第69話「だけどさ、結局のところ――」
「いい年した大人の男が血縁関係も何もない幼女を連れまわすとか、それだけでアウトなのでは?」
そんな疑問がふいに浮かんでしまったのは、俺が前世として別の世界の記憶を記憶を持っているからだろうか。確か、あちらの世界では見知らぬオッサンから挨拶されたというだけで通報がなされるという意味不明な社会でもあった気がする。

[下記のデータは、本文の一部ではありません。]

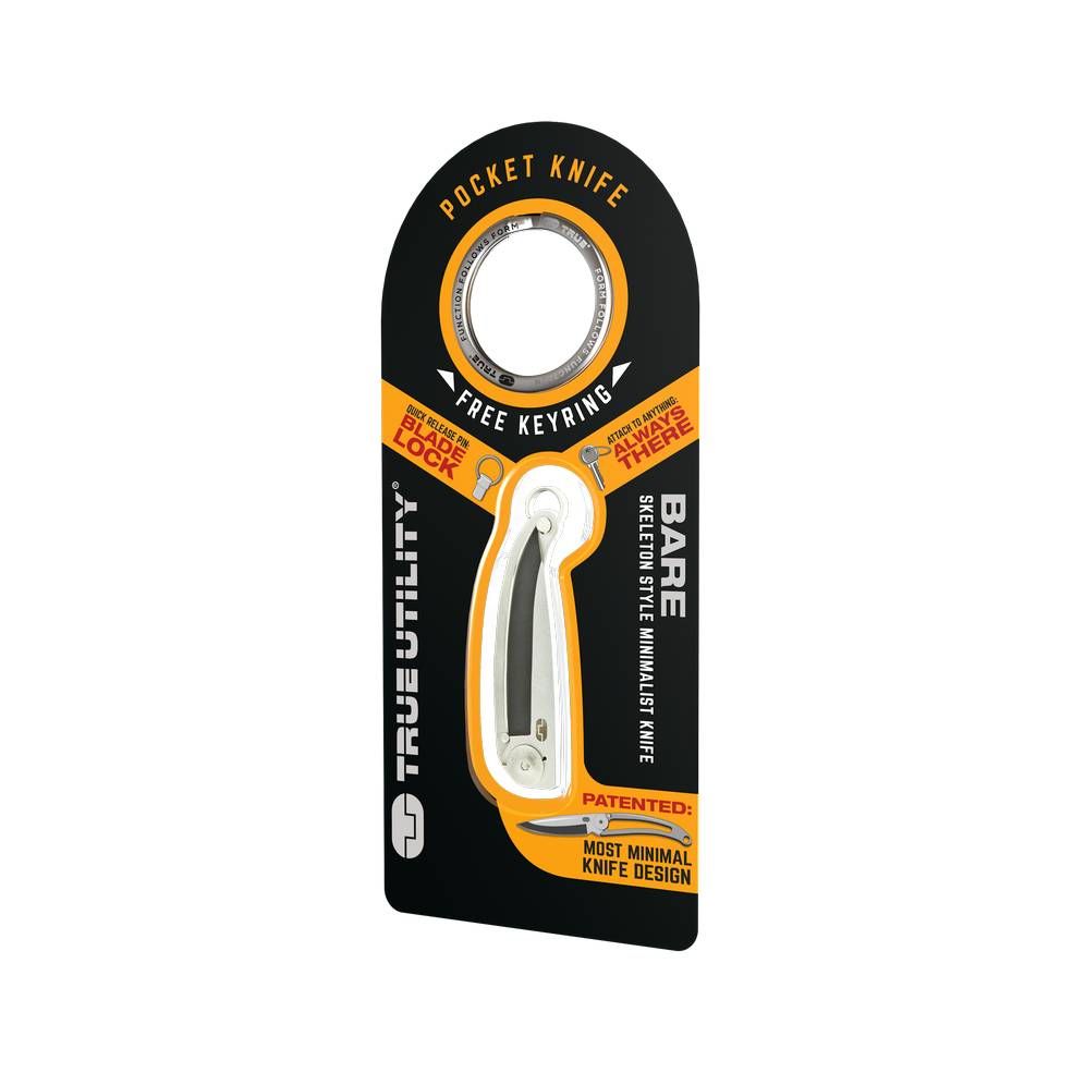 Originální britský nůž TRUE Bare je určen těm, kteří chtějí nosit po kapsách skutečně jen minimum. Díky minimálním rozměrům nože po složení 55 mm a 20 gramům, může být s tebou opravdu všude. Pomocí pinu můžeš nůž zajistit a pověsit téměř na cokoliv.

「どういう脳内構造をしていたらそれで通報に至るのかがわからんが」
オッサンの表情とかがよっぽど胡散臭かったのか、通報者が病的なロリコンで自分の性的趣向を他人に当てはめて邪推したのかは知らないが、流石にレアケースだと思いたい。
「っ、いかん」
今世にはどうでもいいことを考えて居る場合ではなかった。
「それで、俺にコイツを連れてゆけと言うのだな?」
「その通りでしてよ。その子はわたくしの一部、離れていてもどこにいるかは解るし、距離が近ければ見聞きしたことをこちらが理解することも出来澄ますわ」
「子機か!」
ファンタジーな世界にはそぐわないが、思い浮かんだ単語はそれだった。
「子機?」
「なんでもない、こちらの話だ。それで人型になるのはどれぐらいかかる? 全て終わらせても尚かかるというなら、ここへ迎えに来るが」
いろいろなモノを割り切るとしてもこれだけは確認しておかなければならないモノがあるとしたら、まさにそれだろう。

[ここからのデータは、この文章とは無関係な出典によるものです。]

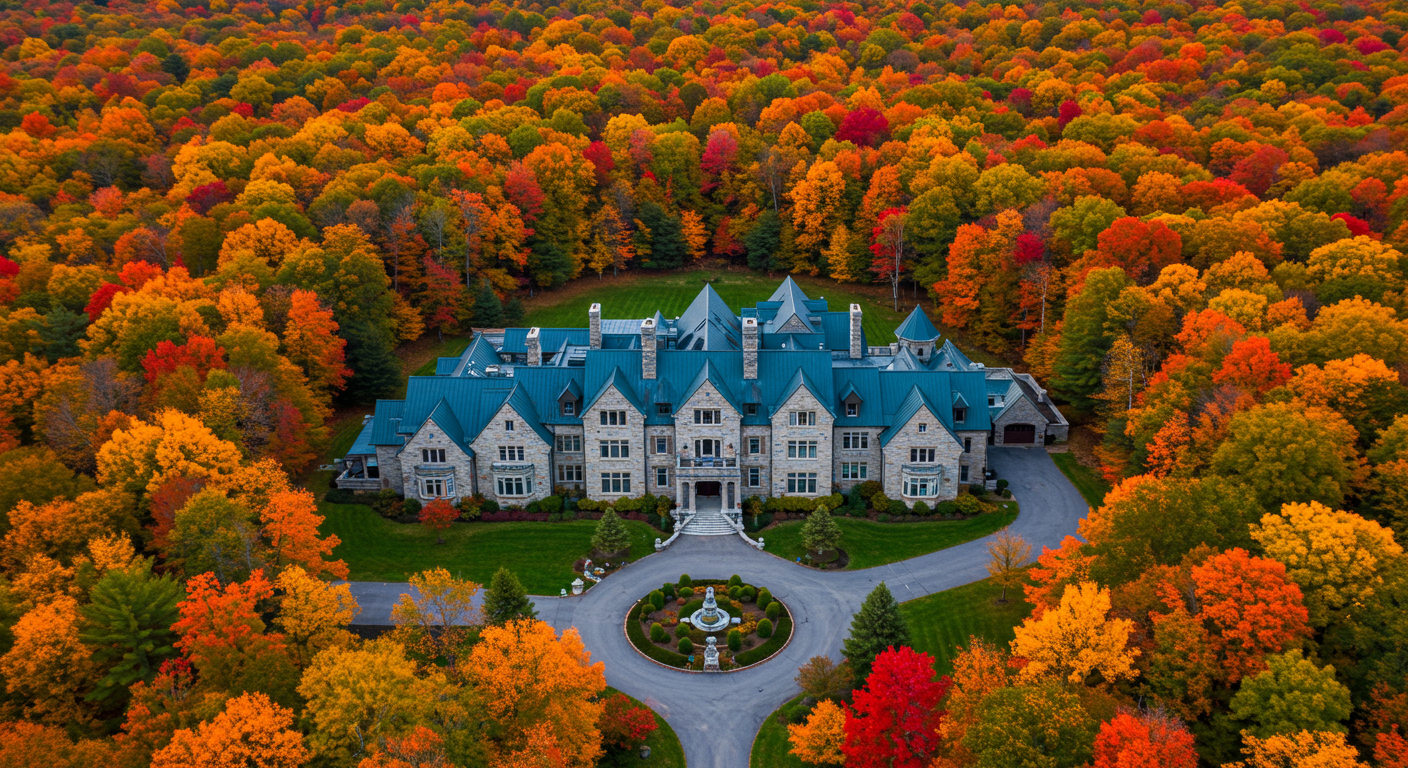 The Details: A distinguished architectural triumph by Tony Paskevich, this chalet rests on 14 acres overlooking the Chagrin River Valley. The 12,000-square-foot residence has been outfitted with every amenity imaginable, including an entire recreation wing with a professional bowling alley and billiards space. Outdoors, there’s even a private ski slope with a chair lift.

「そうですわね。時間をかけた方が身体への負担がへるということもありますけれど、協力者を煩わせることも本意ではなくてよ。むしろ、そちらとしてはどちらが好ましくて?」
「それならば、すべてが終わった後だな」
人型を取った場合の参考になりそうな幼女が一人視界の中に存在するが、これを単に大人にしただけだったとしても、それは誰だとツッコまれかねない。もっとも、それを言うなら幼女だった同じではあるのだが、竜の騒動ではぐれた迷子を保護したとでも言えばこちらは誤魔化せると思う。事前に口裏合わせをしておく必要はあるが、幼女なら何を聞かれても知らない解らないで乗り切ったって不自然ではないだろう。

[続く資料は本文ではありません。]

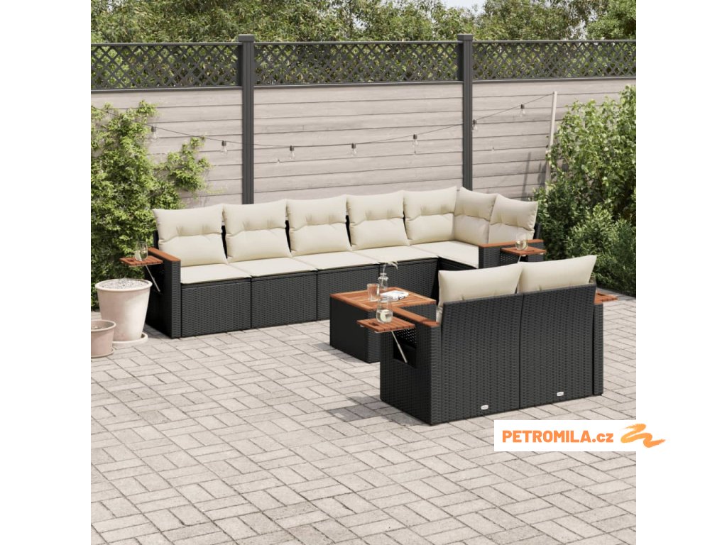 9dílná zahradní sedací souprava s poduškami černá polyratan

「承知いたしましたわ。でしたら、用件を済ませて迎えに来て下さった時には人間の姿を披露して差し上げてよ」
「披露とは言うが、幼いバージョンは既に見ているからな」
驚くとは思えないし、それよりも。
「今はこっちの小さいのとの打ち合わせが優先だ」
関所に着くまでには偽りの設定を演じられるようにしておく必要がある。
「元のお前の理解力を鑑みると、何とかなりそうな気はしているが――」
油断は禁物。元々のコイツは野生動物で、人間の常識には疎いところがあるのだ。
「食事の時間帯は避けるべきだろうな、おやつの時間と」
さすがにテーブルマナーを仕込んでいる時間はない。
「ではな、行ってくる」
小脇に幼女を抱えると、竜の方には振り向かず、俺は歩き出した。